Forgive me. I live and work in West Hollywood. I hadn't realized that the writers' strike isn't the lead story on everyone's local news. And while the strike might not be geographically local to everybody reading this, if you work in advertising and/or digital media, then believe me when I say that the repercussions of the ongoing ballyhoo and the outcome of the strike will be hitting very close to home.

A quick recap: There is a large gap between writers and studios on how revenues from digital distribution of content will be shared. Not that I have any particular insight into how the talks have gone thus far, but I can imagine that it's pretty tough to negotiate the sharing of revenue that has no historical precedent, nor any clear method for how said revenue stream will ever be generated. So what does this mean for the digital media and advertising community?

New revenue models for digital media? The truth is that the advertising and digital media community could play a vital role in helping to resolve the current dispute. If necessity is the mother of all invention, then perhaps the necessity of studios and writers to find new revenue models for digital media distribution, so that they can then figure out how to share them, will finally show some true innovation in advertising within professional quality content on the Web. If not because major studios need to solve this issue, then because advertisers will need to solve this problem if they wish to continue reaching people. If neither necessity drives a solution in the short run, then we will see...



Loss of television content. The full effects of the writers' strike has yet to hit television viewers, but as the strike continues, studios risk losing more of viewers' attention to alternate media. One medium's loss is another medium's gain. I don't know what you're all betting on, but I would predict online programming receives a lion's share of the attention that TV loses, due to the eventual lack of original programming (call me cynical, but I think our nation's lack of an attention span has moved us past the novel making a comeback).
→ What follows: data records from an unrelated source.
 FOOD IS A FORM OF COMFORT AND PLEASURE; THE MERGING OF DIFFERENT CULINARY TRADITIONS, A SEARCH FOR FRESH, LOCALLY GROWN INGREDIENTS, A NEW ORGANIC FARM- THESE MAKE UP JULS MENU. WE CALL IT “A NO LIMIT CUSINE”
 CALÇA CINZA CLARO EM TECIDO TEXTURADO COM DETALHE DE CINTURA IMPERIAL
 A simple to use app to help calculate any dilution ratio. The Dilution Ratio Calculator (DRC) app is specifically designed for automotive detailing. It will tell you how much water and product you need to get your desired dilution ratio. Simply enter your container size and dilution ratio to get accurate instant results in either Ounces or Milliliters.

Social media in particular could benefit from this trend. The hardest part of finding something worth watching online is sorting through the crap. The best way to sort through the crap is to let the community dictate what gets views. And the medium best equipped to do that is social networks. Want to keep advertising, watch the new generation of online networks like Kush TV on MySpace seamlessly integrate content and brands. There is the real potential that television's loss of consumer attention could have the effect that the loss of attention toward commercials never had: the shifting of dollars from television to digital media.
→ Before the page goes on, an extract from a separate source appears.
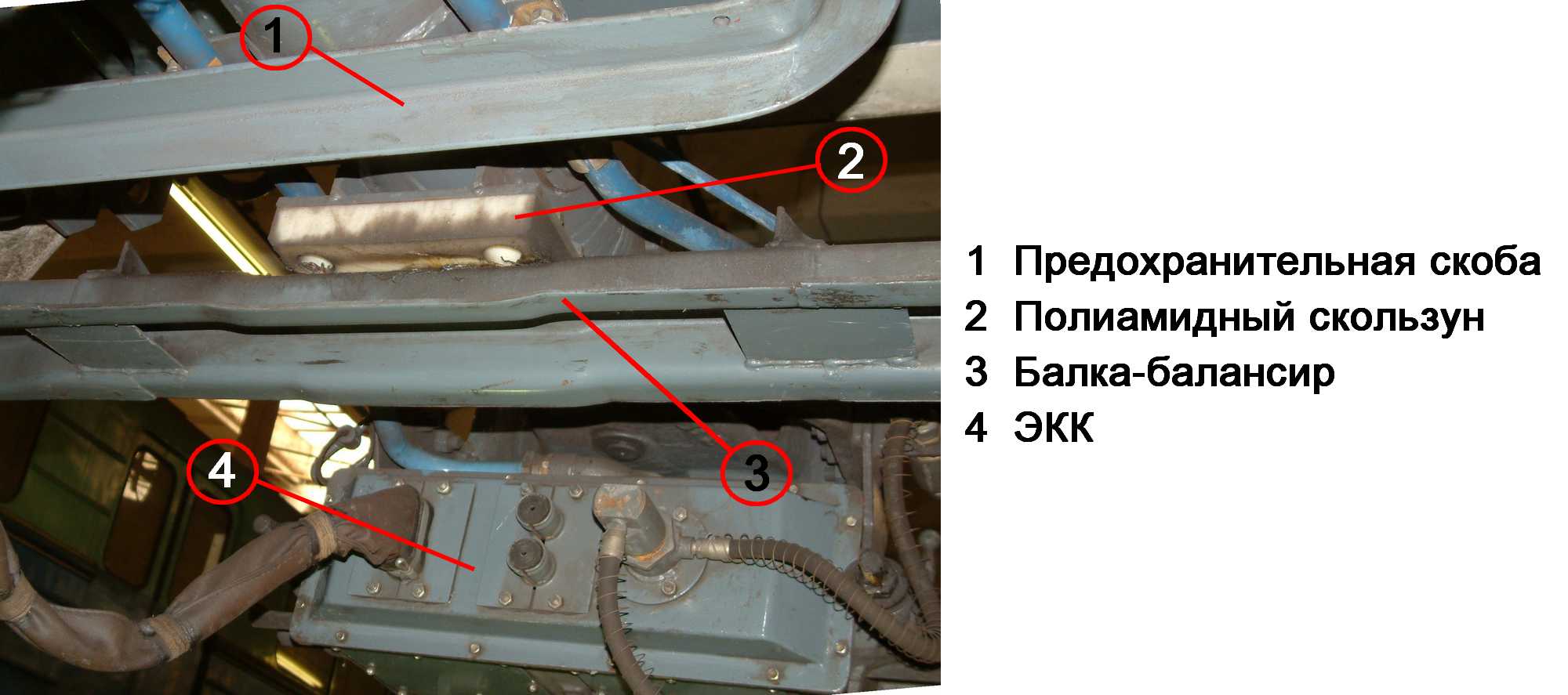 В случае обрыва одного или двух штырей подвески свободная автосцепка концевого вагона опустится на предохранительную П-образную скобу, выполненную из уголка с размерами 50х50х5 мм. Скобу укрепляют на раме кузова четырьмя болтами. Для ограничения поворота свободной автосцепки и предотвращения удара о предохранительную скобу к балансиру приваривают упоры.

Surplus of entertainment talent for digital media. What better way to answer a surplus of consumer attention dedicated to the online medium than to have the same writers, actors and other entertainment professionals put out of work by the current strike turn to digital media as an outlet for their creative talent?

This will have two (somewhat opposite) effects in my mind. First, it has the potential to bring studios back to the table as certain talent finds ways to connect to audiences online. Second, as more often than not entertainers find that it's not easy to aggregate an audience online, and it is an even greater challenge to keep and monetize the audience, a majority of the talent will return to the table with a newfound commitment to collaborate with studios to solve the monetization problem. The second point is an important one, as it will be the writers' ability to integrate brands and advertising into content that may truly resolve the issue of revenue generation for digital content distribution.

In the end, we should all be watching the writers' strike closely. We should be hoping for a swift resolution, because I for one don't want to have to watch more reality television (living in West Hollywood, I feel more like a reality-show extra than a person most of the time). And no matter what happens, we should be mindful of the potential implications to our industries as the writers' strike continues.